Exact copies of all the lines below are required, with the pictures omitted.

SOURCE DATA Start Marker

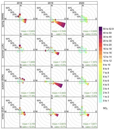 The SO2 distribution for each season according to wind speed and direction is shown in Figure 8. The highest SO2 concentrations were observed during Spring 2019, with SE winds. The frequency was 45%. Given this consideration, we decided to evaluate the air quality during this season. Also, Autumn and Winter represented an important contribution of SO2 to AQMS, but the wind speed frequency is minimal in those seasons.
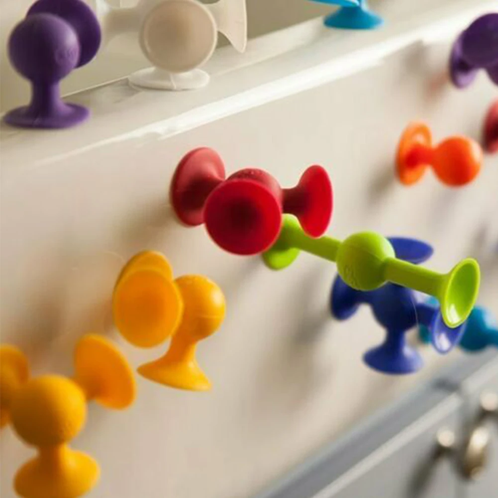 Присоски соединяются друг с другом и с любой твердой, непористой поверхностью.
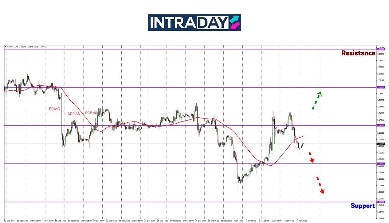 Di sesi Eropah semalam, harga sempat membuat kenaikan untuk menguji sekali lagi paras yang dicapai ketika lonjakan hari sebelumnya sekitar 1.04300 sebelum kemudiannya kembali menjunam.

SOURCE DATA End Marker

▸ **ANSWER SECTION**:
 The SO2 distribution for each season according to wind speed and direction is shown in Figure 8. The highest SO2 concentrations were observed during Spring 2019, with SE winds. The frequency was 45%. Given this consideration, we decided to evaluate the air quality during this season. Also, Autumn and Winter represented an important contribution of SO2 to AQMS, but the wind speed frequency is minimal in those seasons.
 Присоски соединяются друг с другом и с любой твердой, непористой поверхностью.
 Di sesi Eropah semalam, harga sempat membuat kenaikan untuk menguji sekali lagi paras yang dicapai ketika lonjakan hari sebelumnya sekitar 1.04300 sebelum kemudiannya kembali menjunam.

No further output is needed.